Let $W = \{W_t, t \geq 0\}$ be an $m$-dimensional Brownian motion. The process $( \|W_t\|, \mathcal{F}_t )_{t ≥ 0}$ is then a Bessel process, where $\|\cdot\|$ is the Euclidean norm in $R^m$.
Question. Using Statement 1 (with the function $h(x) = e^tx$ and $t>0$), prove that the inequality is true for every $s>0$ and all $x>\sqrt{ms}$:
$$P(\sup\limits_{t∈[0,s]} ||W_t||≥x) ≤ (\frac{sd}{ex^2})^{-m/2} e^{-x^2/(2s)}$$
Statement 1: Let $h: R \rightarrow R_+ $ be a non-decreasing convex function and $(X_n, \mathcal{F}_n)_{1 \leqslant n \leqslant N}$ be a submartingale.
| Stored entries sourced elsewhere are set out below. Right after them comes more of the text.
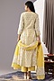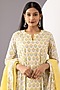 Featuring an ivory A-line kurta in cotton base with hand block print. It is paired with contrasting yellow khadi printed palazzo pants and a cotton mulmul dupatta having block print and lace detailing.
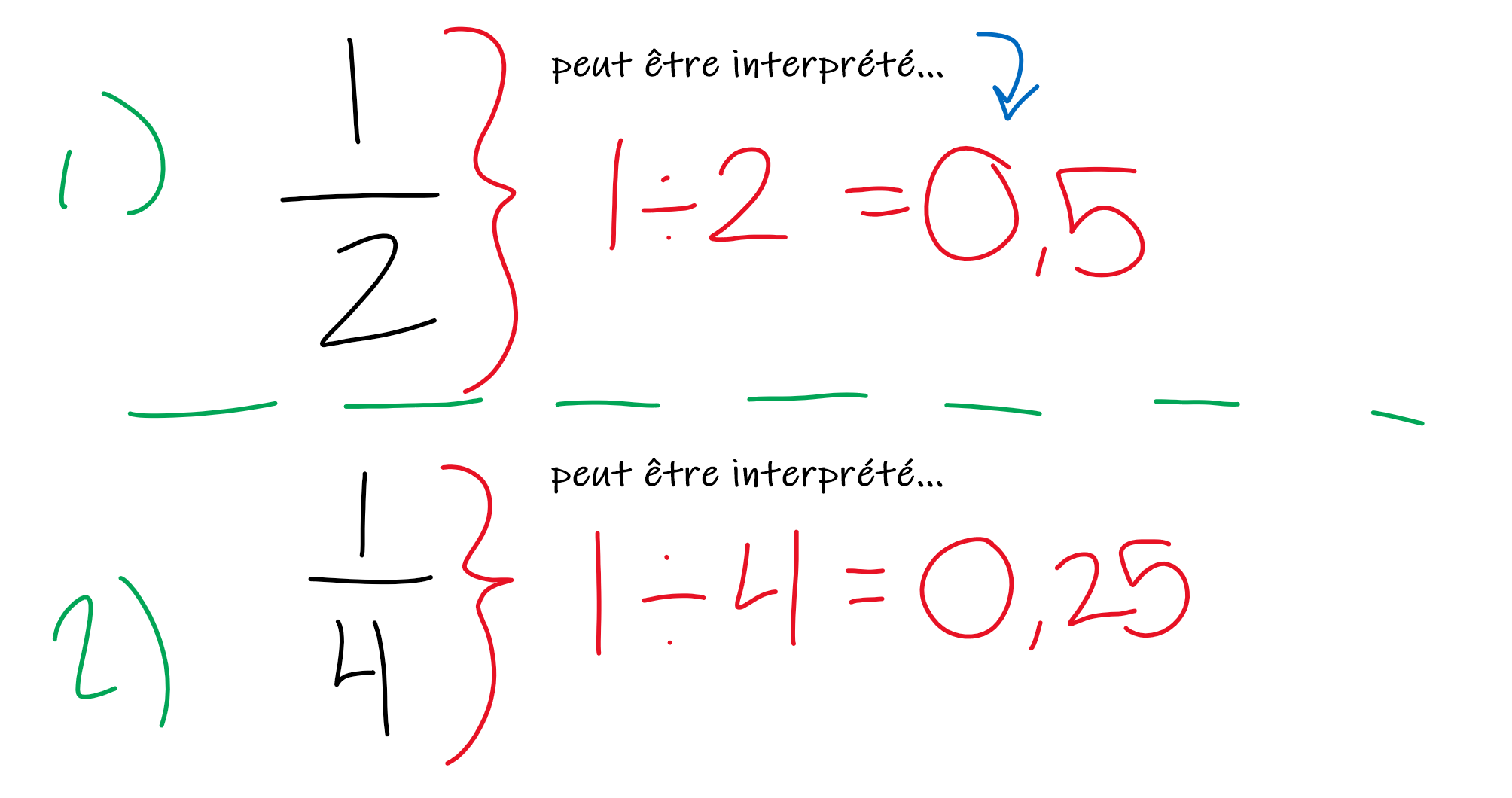 par exemple une demi et 1/2 c’est en fait 1 diviser par 2 et on peut obtenir 0.5 avec une calculatrice.
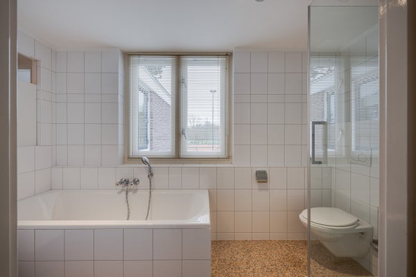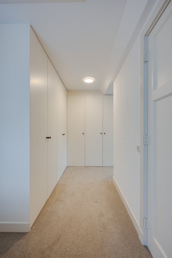 Op de eerste verdieping bestaat het huis uit twee comfortabele slaapkamers en een stijlvolle badkamer met een ligbad, douche en toilet. De overloop is voorzien van uitgebreide inbouwkasten, wat uitzonderlijke opbergruimte biedt. Een zolder biedt extra opslagruimte, aangevuld met een praktische kelderkast.
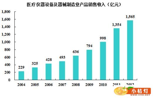 中国医疗器械行业发展概况分析 医疗器械行业的制造技术涉及临床医学、医药、机械、电子、塑料等多个技术交叉领域。我国医疗器械产业规模从小到大,发展迅速,现已发展为产品门类较为齐全、市场需求旺盛、产业链条完善、产业基础较为雄厚的朝阳产业,同时也是我国国民经济的基础产业、先导产业和支柱产业之一。2004年医疗仪器设备及器械制造业产品销售收入总计229亿元,而2012年则达到1,565亿元,年复合增长率为27.16%。
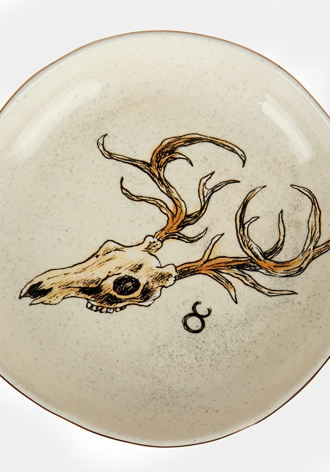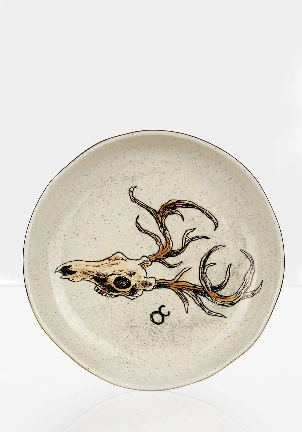 ✦ Ceramic stag deep plate with speckled ivory glaze
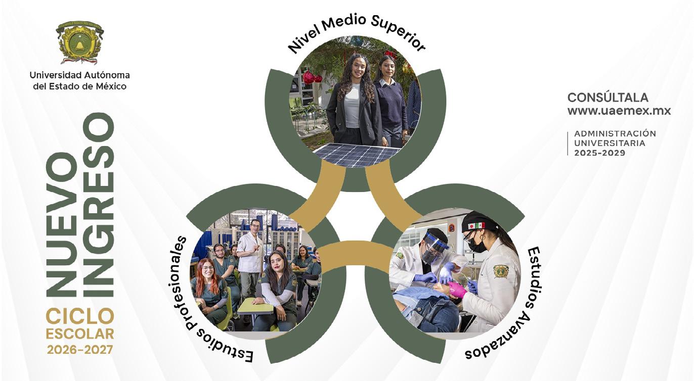 Para quienes aspiran a cursar Estudios Profesionales, la Máxima Casa de Estudios mexiquense convoca a personas egresadas del nivel medio superior o que estén por concluirlo, a participar en el concurso de ingreso a licenciaturas y programas de Técnico Superior Universitario, en modalidades escolarizada, no escolarizada y mixta. La oferta académica comprende casi dos centenares de programas impartidos en facultades, centros universitarios y unidades académicas profesionales ubicadas en distintas regiones de la entidad. El registro de solicitudes también se llevará a cabo en febrero de 2026 y el ciclo escolar iniciará el 4 de agosto de 2026.
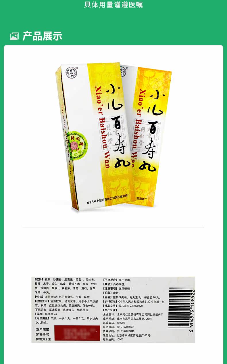 同仁堂 Педиатрическая байшоу Ван 3G*10 таблетки/ящик для секции тепло, вздутие живота и прорывной грудь Стоп.
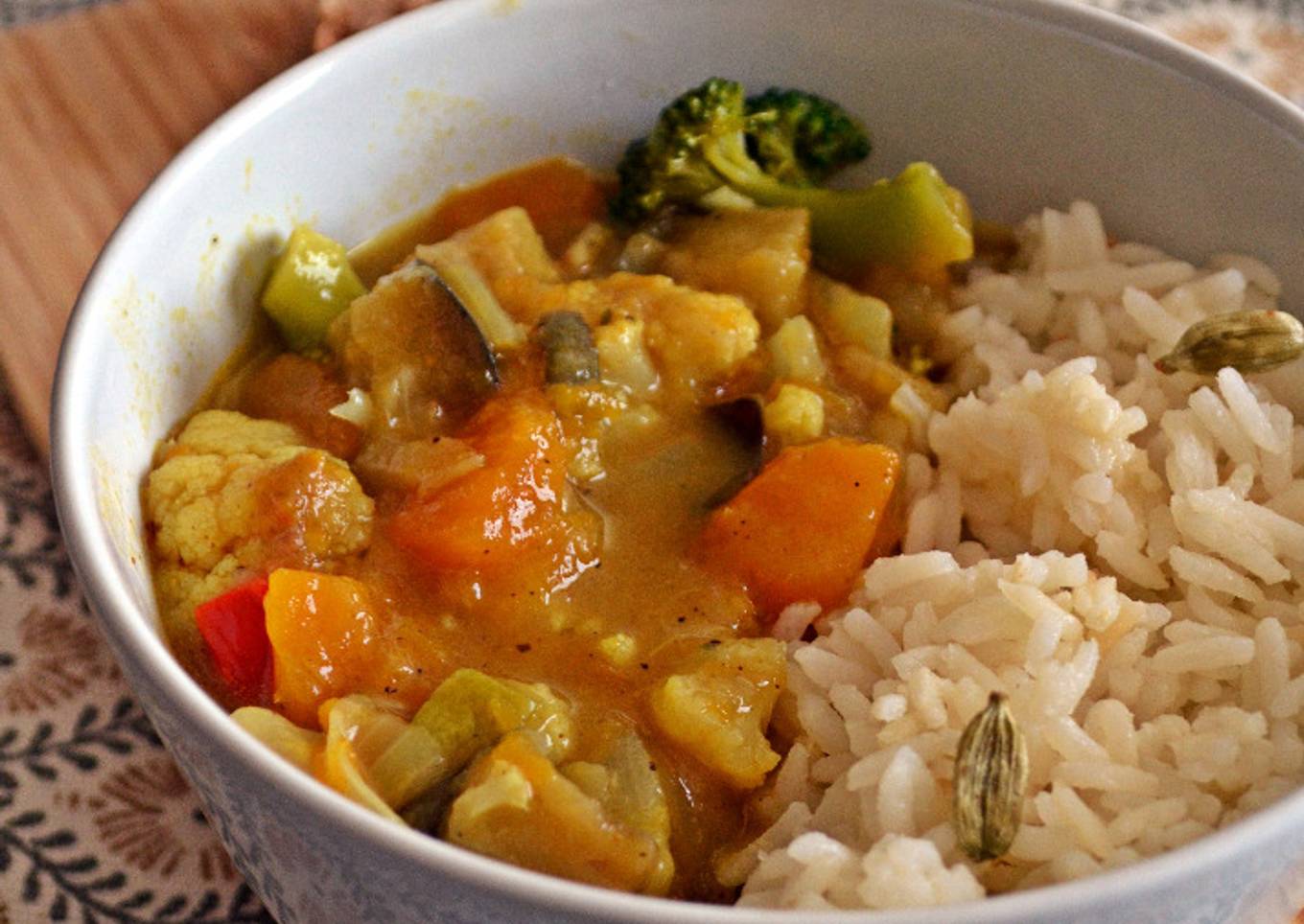 Curry de verduras con arroz aromático
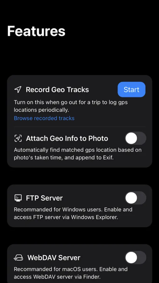 * Access photos saved in app from iCloud Drive or visiting FTP/WebDAV servers on your PC/Mac.
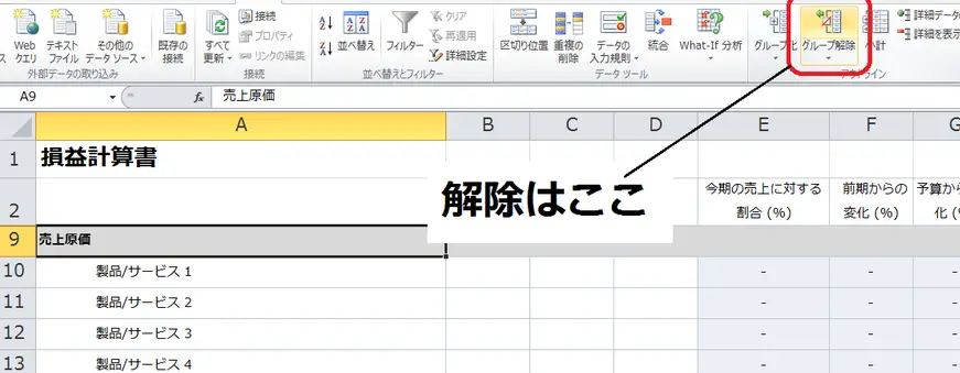 Excelでグループ化を解除する方法
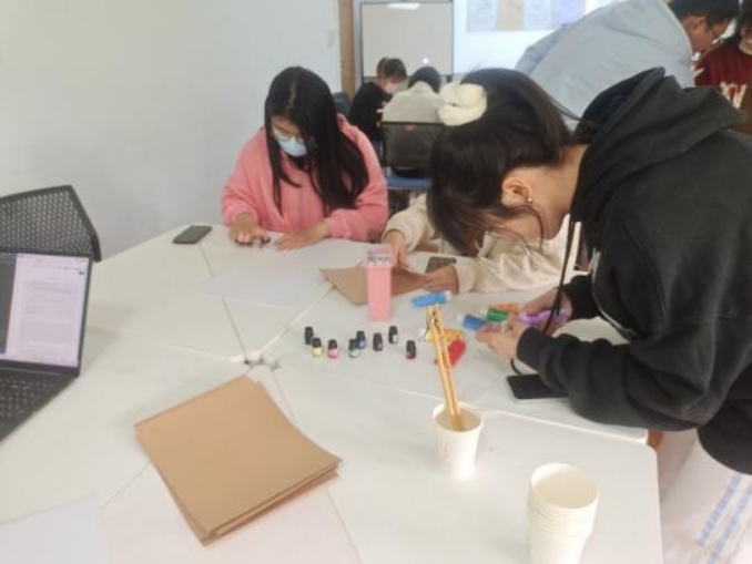 脑洞大开,细心制作,既有埋头苦干的同学,也有齐心协力共同完成作品的小组。一边制作书签,一边聊天交流,一下午的时间就这么在指尖悄然溜走,留下的,是一份份努力的成果。
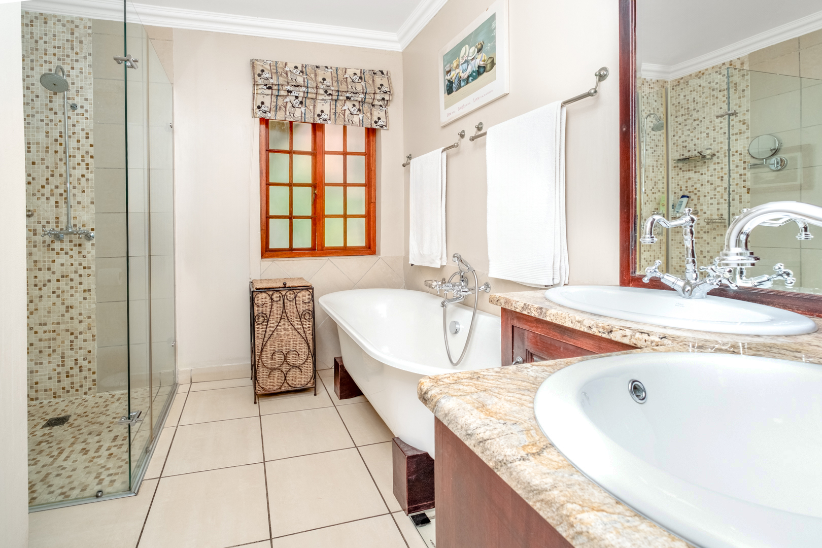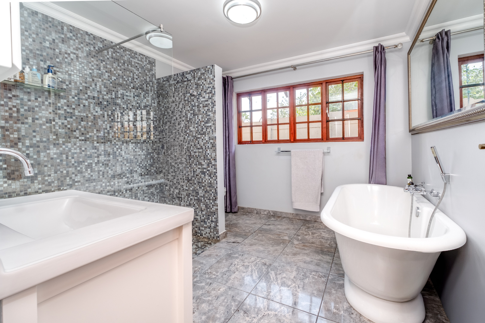 En-suite bathroom with tiled flooring, double basin, WC, east-facing window, and a large freestanding bath with hand shower attachment
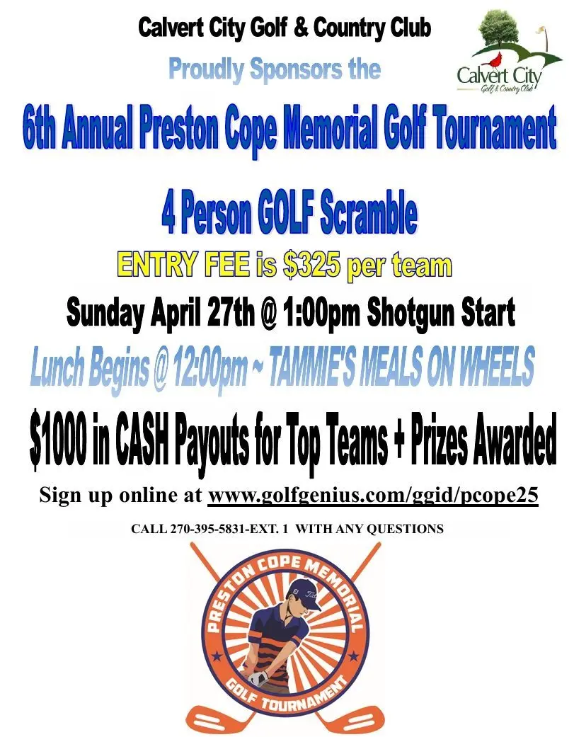 6th Annual Preston Cope Memorial Golf Tournament Sunday, April 27
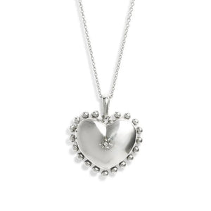 By Anzie, this heart shaped locket is suspended from a sterling silver chain and features a star with a white sapphire center stone. This necklace is an ideal keepsake piece for adding a bold statement to any attire.
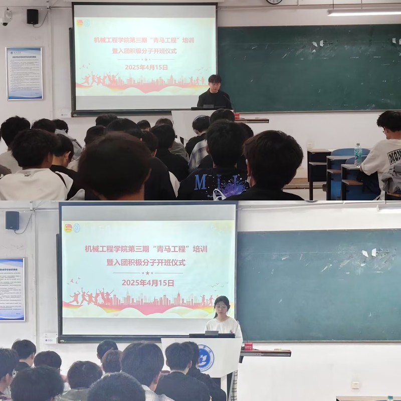 为提升入党积极分子的理论素养,做好入团积极分子的培养工作,2025年4月15日中午,机械工程学院团委于在慎思楼中201教室举办第三期“青马工程”暨入团积极分子培训开班仪式。团委书记苏洁红、全体第三期“青马工程”学员及入团积极分子全体学员参加。开班仪式由学院团委副书记谢丹丹主持。
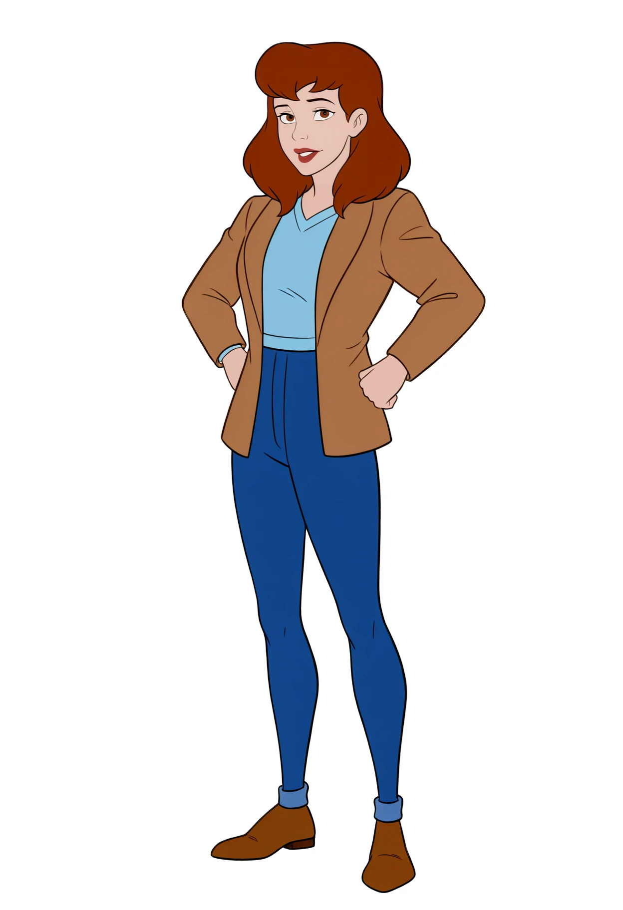 Outfit prompts : brown jacket, blue shirt, blue pants, brown shoes
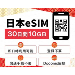 【24時間内QR送信】日本データ専用 eSIM 10GB 30日間 プリペイドeSIM Docomo ドコモ回線 即時 利用可能 快適 日本 sim Japan 10ギガ
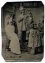 Will. D. Telfer (Harlem Springs Ohio), n.d., Three men standing in front of a wooden house. Near the tree in the middle you can see a fourth person, completely scratched out., Cabinet card, Bazar Nadar / Wouter Lambrechts, LL/129329
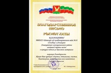 Благодарственное письмо от главы Азнакаевского муниципального района 29.01.2014
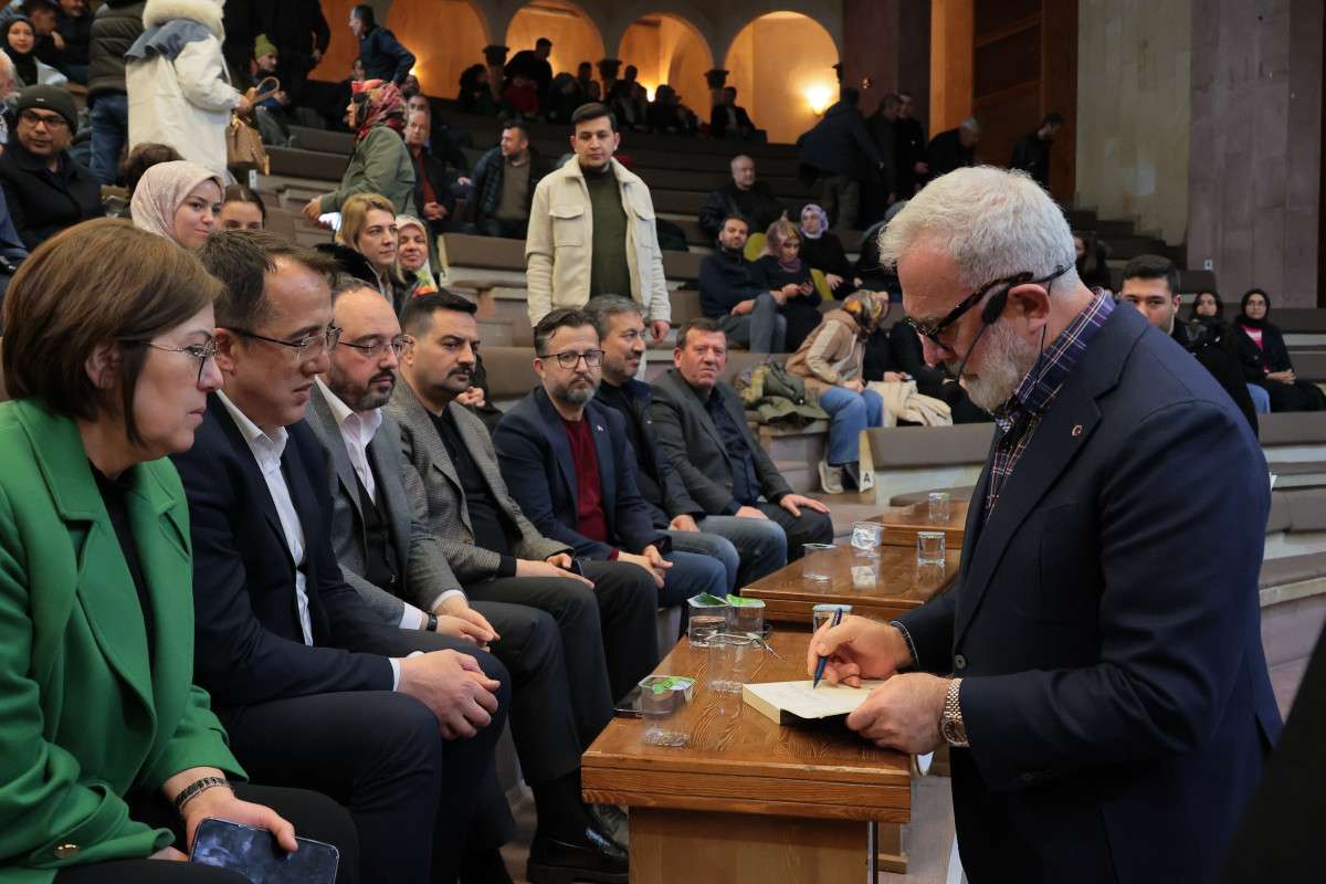 Yenişehirlioğlu, konuşmasının ardından okuyucuları için kitaplarını imzalayarak katılımcılarla fotoğraf çektirdi.

Then for any $ u \in R$ and $t>0$
\begin{equation} P( \max\limits_{1 \leqslant n \leqslant N} X_n \geqslant u ) \leqslant \mathbb{E} h(t X_n)/h(tu). \end{equation}
Solution:
- First, I need to prove that the process is a submartingale, that is, to prove the most important condition that:
$$E(\|W_t\| \, | \, \mathcal{F}_s)\geq \| W_s \|$$
And since $\mathcal{F}_s$ is a natural filtration, I need to show that
$$E(\|W_t\| \, | \, W_s)\geq \| W_s \|$$
We know that $\|W_t\|= \sqrt{W_1^2 +...+W_t^2}$
And this is where I got stuck.
- Then I was only able to substitute $h$ and get this expression:
$P(\max\limits_{0 \leqslant t \leqslant m} \|W_t\| \geq u)\leq \frac{E(e^{t^2\|W_t\|})}{e^{t^2 u}}$
I'm having trouble calculating the expectation of such complex functions, so I'm hoping for some advice.